- ASSIGNED TASK
The whole listing below needs to be duplicated exactly, pictures aside.

──────── DATASET SECTION ────────

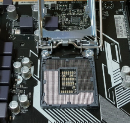 위와같이 들어올렸다면 AMD와는 반대로 인텔은 메인보드에 핀이 있으므로 똑같이 조심하여야 한다,
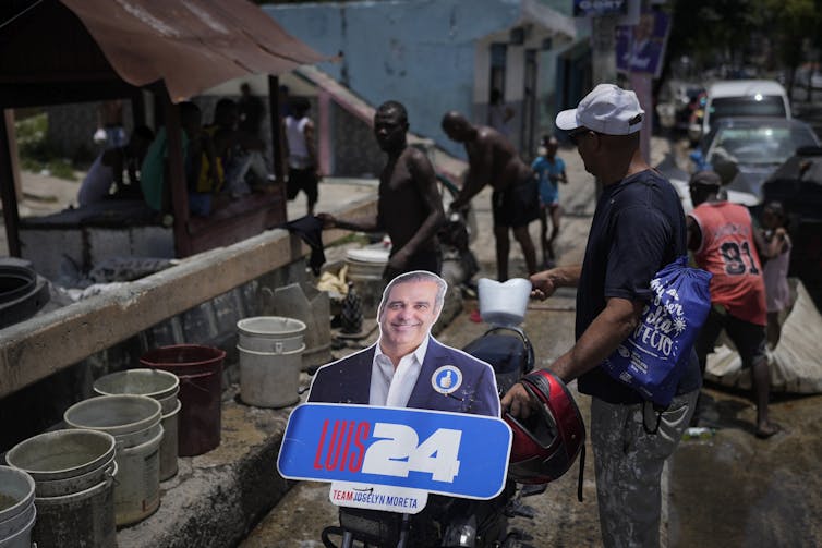 La señal de apoyo a los presidentes dominicanos que elige a Luis Abinader robó una motocicleta en el vecindario en Los Glandulama Santo Domingo, República Dominicana, en mayo de 2024. años. (AP Photo / Matias Delacroik) Dirigir a las mujeres embarazadas no es nueva
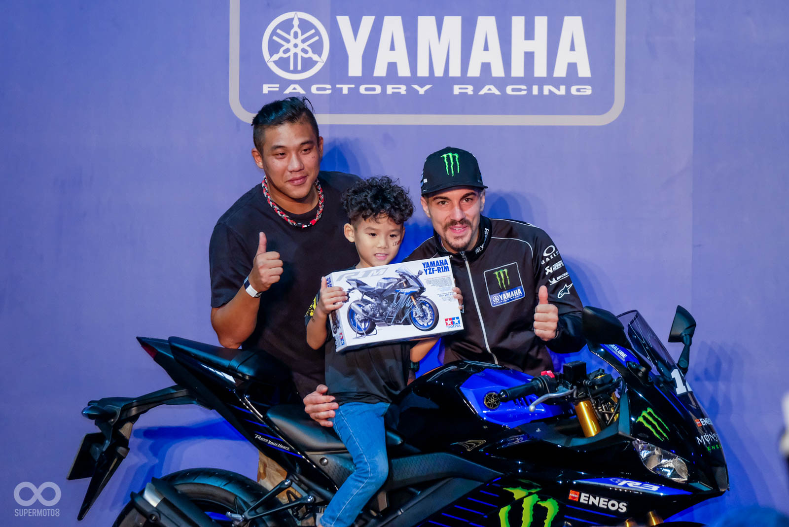 活動現場也邀請一位忠實的YAMAHA GP小粉絲上台與Maverick Viñales互動,這位平時騎乘PW 50的小粉絲上台為Maverick Viñales加油打氣,希望在接下來的日本站甚至是下個賽季都有更好的表現。而Maverick Viñales也回送這位小粉絲重量級大禮,是相當受歡迎的TAMIYA 1/12 YZF-R1M模型!

────────

- THE ANSWER
 위와같이 들어올렸다면 AMD와는 반대로 인텔은 메인보드에 핀이 있으므로 똑같이 조심하여야 한다,
 La señal de apoyo a los presidentes dominicanos que elige a Luis Abinader robó una motocicleta en el vecindario en Los Glandulama Santo Domingo, República Dominicana, en mayo de 2024. años. (AP Photo / Matias Delacroik) Dirigir a las mujeres embarazadas no es nueva
 活動現場也邀請一位忠實的YAMAHA GP小粉絲上台與Maverick Viñales互動,這位平時騎乘PW 50的小粉絲上台為Maverick Viñales加油打氣,希望在接下來的日本站甚至是下個賽季都有更好的表現。而Maverick Viñales也回送這位小粉絲重量級大禮,是相當受歡迎的TAMIYA 1/12 YZF-R1M模型!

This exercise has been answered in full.